Required work »
Could every line below be transcribed exactly, with the pictures dropped?

Data provided »
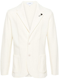 chevron-knit single-breasted blazer Highlights - Cream white - Cotton blend - Crochet knit - Notched lapels - Front button fastening - Long sleeves - Two front patch pockets - American rear vent - Straight hem Made in Italy Composition Cotton 60%, Viscose 40% SIZE & FIT Model measurements Height 6 ft 2 in(1.87 m) Bust/Chest 36.41 in(92.5 cm) Hips 37 in(94 cm) Waist 29.52 in(75 cm) FittingInformation Designed for a slim fit, offering a comfortable fit that sits just away from the body The vented hem offers movement at the rear Made from a midweight non-stretch fabric, this piece offers minimal elasticity when worn This piece fits true to size – take your usual size
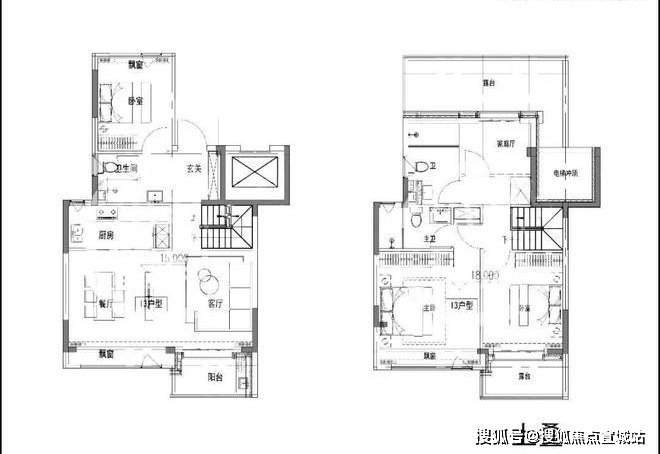 叠墅户型图如下:(过程稿,以开发商发布为准)
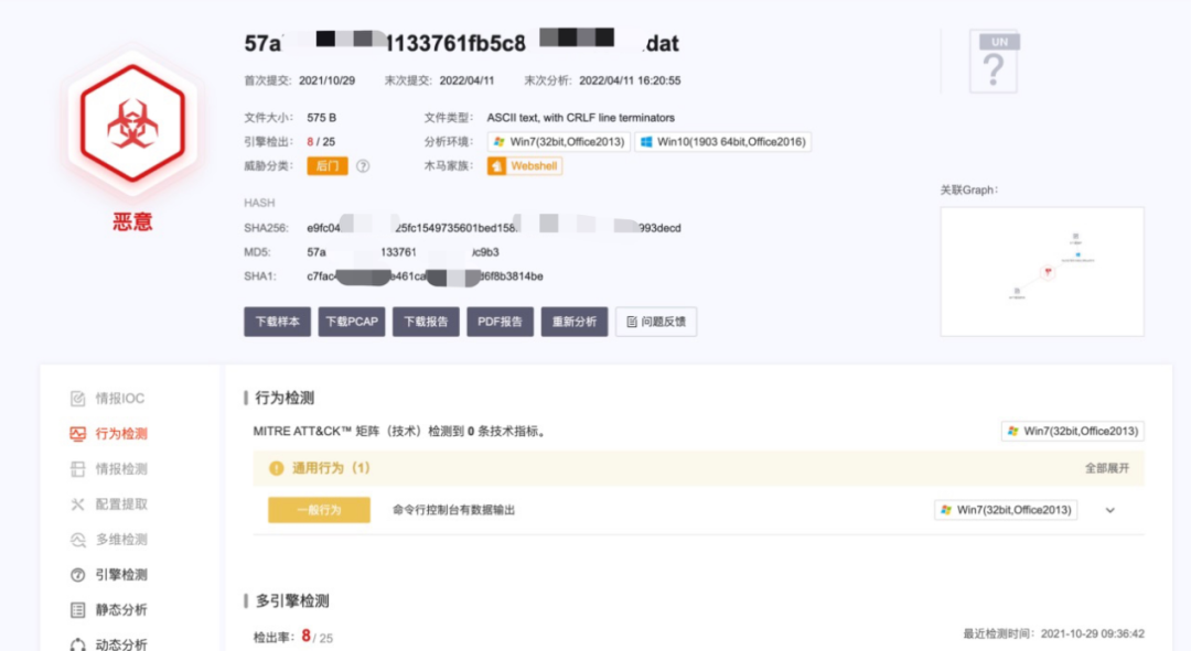 通过微步云沙箱进一步确认,判定文件确实存在恶意行为,如图所示:5.2 恶意文件关联

The answer »
 chevron-knit single-breasted blazer Highlights - Cream white - Cotton blend - Crochet knit - Notched lapels - Front button fastening - Long sleeves - Two front patch pockets - American rear vent - Straight hem Made in Italy Composition Cotton 60%, Viscose 40% SIZE & FIT Model measurements Height 6 ft 2 in(1.87 m) Bust/Chest 36.41 in(92.5 cm) Hips 37 in(94 cm) Waist 29.52 in(75 cm) FittingInformation Designed for a slim fit, offering a comfortable fit that sits just away from the body The vented hem offers movement at the rear Made from a midweight non-stretch fabric, this piece offers minimal elasticity when worn This piece fits true to size – take your usual size
 叠墅户型图如下:(过程稿,以开发商发布为准)
 通过微步云沙箱进一步确认,判定文件确实存在恶意行为,如图所示:5.2 恶意文件关联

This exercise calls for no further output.